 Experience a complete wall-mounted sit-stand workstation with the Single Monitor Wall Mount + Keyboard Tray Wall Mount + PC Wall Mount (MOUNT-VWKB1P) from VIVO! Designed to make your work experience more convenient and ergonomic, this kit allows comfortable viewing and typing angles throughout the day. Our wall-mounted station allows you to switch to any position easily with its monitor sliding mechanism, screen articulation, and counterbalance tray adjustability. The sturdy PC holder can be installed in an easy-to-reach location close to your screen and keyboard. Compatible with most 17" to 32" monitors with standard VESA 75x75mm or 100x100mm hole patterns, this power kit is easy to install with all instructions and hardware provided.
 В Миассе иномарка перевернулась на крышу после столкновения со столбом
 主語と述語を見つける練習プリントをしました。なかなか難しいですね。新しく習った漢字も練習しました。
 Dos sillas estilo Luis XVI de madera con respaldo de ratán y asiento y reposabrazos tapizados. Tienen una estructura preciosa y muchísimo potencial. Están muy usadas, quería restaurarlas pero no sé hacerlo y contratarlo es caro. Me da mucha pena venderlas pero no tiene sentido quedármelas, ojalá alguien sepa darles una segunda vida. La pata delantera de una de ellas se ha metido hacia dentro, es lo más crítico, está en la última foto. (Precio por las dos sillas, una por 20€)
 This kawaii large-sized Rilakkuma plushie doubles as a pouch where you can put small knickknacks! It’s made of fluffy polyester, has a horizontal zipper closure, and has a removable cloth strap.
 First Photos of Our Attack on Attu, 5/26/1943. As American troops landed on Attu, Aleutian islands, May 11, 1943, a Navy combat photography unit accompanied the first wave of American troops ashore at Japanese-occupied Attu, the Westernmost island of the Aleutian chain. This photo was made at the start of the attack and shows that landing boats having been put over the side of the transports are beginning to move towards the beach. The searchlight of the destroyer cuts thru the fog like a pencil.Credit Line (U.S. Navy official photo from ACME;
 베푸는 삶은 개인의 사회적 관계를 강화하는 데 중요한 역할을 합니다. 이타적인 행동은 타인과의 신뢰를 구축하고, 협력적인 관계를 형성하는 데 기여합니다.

* * *

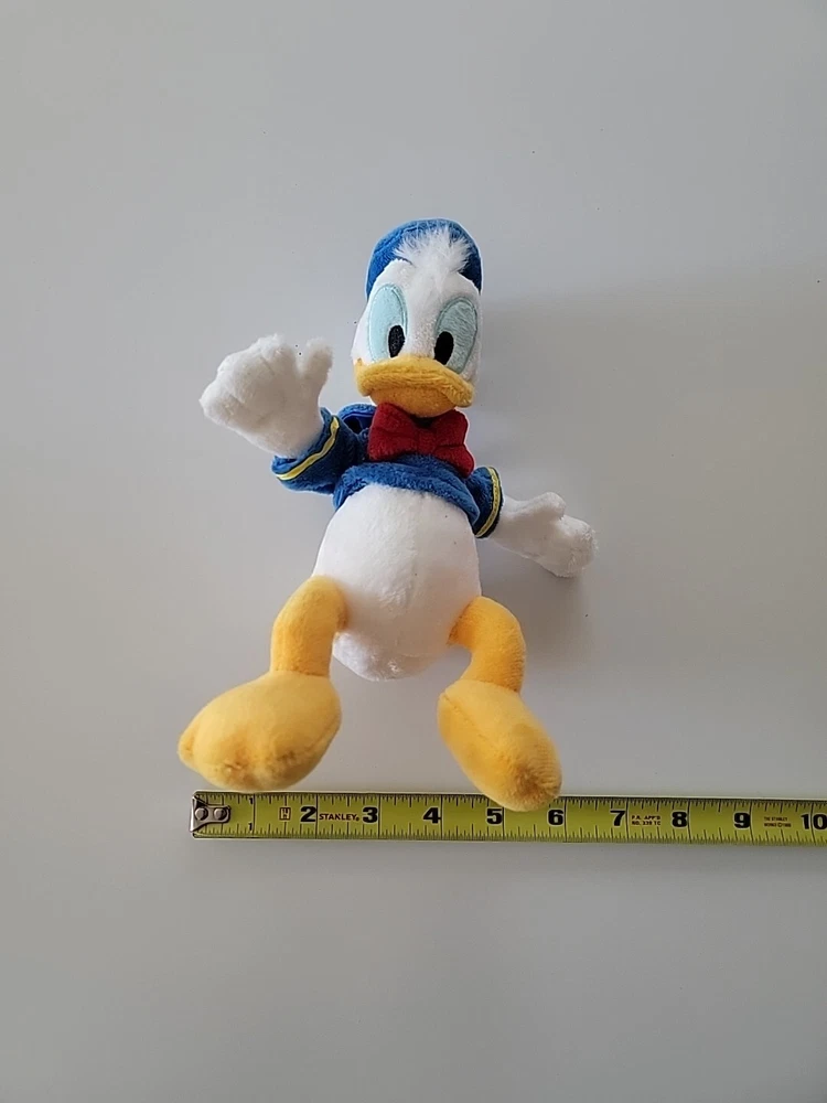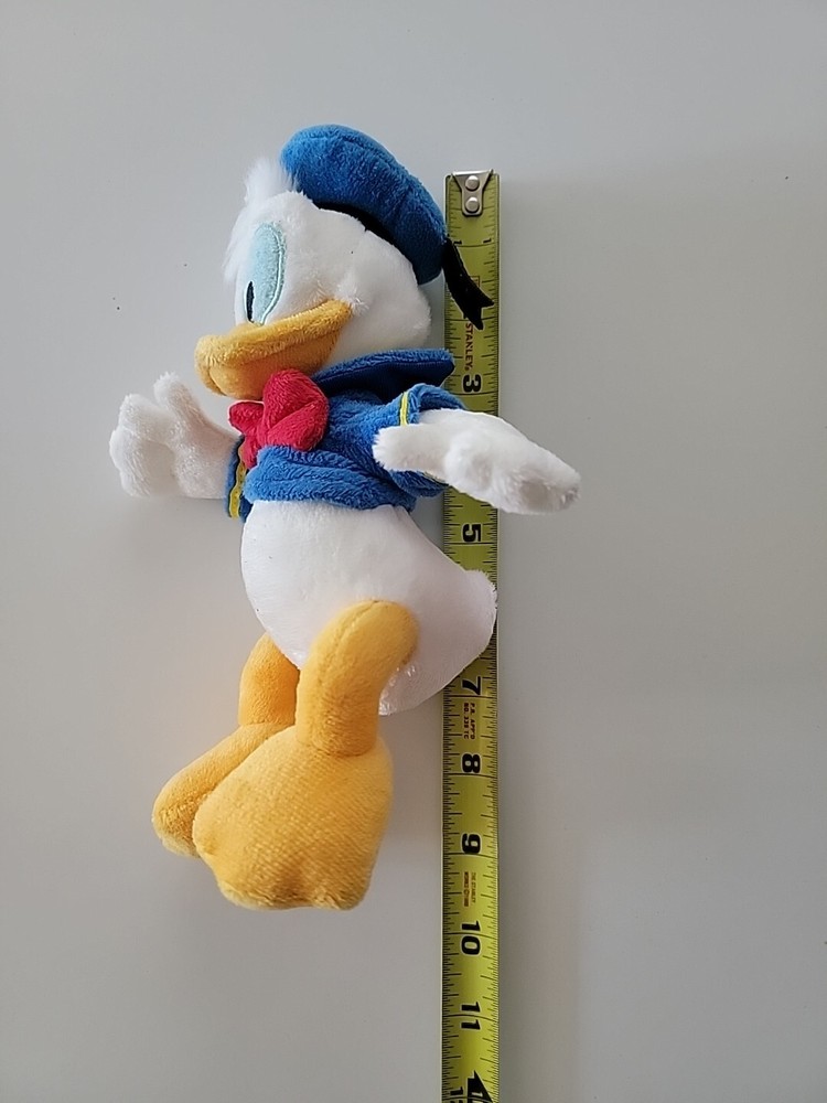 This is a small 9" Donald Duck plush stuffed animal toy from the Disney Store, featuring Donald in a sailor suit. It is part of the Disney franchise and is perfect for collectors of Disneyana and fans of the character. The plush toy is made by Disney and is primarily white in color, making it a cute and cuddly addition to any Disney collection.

**TASK GOAL**
Copy the lines above exactly. Start with the line containing "Dos sillas estilo", end with the line containing "This kawaii large-sized", and include both.

**REPLY TO THE EXERCISE**
 Dos sillas estilo Luis XVI de madera con respaldo de ratán y asiento y reposabrazos tapizados. Tienen una estructura preciosa y muchísimo potencial. Están muy usadas, quería restaurarlas pero no sé hacerlo y contratarlo es caro. Me da mucha pena venderlas pero no tiene sentido quedármelas, ojalá alguien sepa darles una segunda vida. La pata delantera de una de ellas se ha metido hacia dentro, es lo más crítico, está en la última foto. (Precio por las dos sillas, una por 20€)
 This kawaii large-sized Rilakkuma plushie doubles as a pouch where you can put small knickknacks! It’s made of fluffy polyester, has a horizontal zipper closure, and has a removable cloth strap.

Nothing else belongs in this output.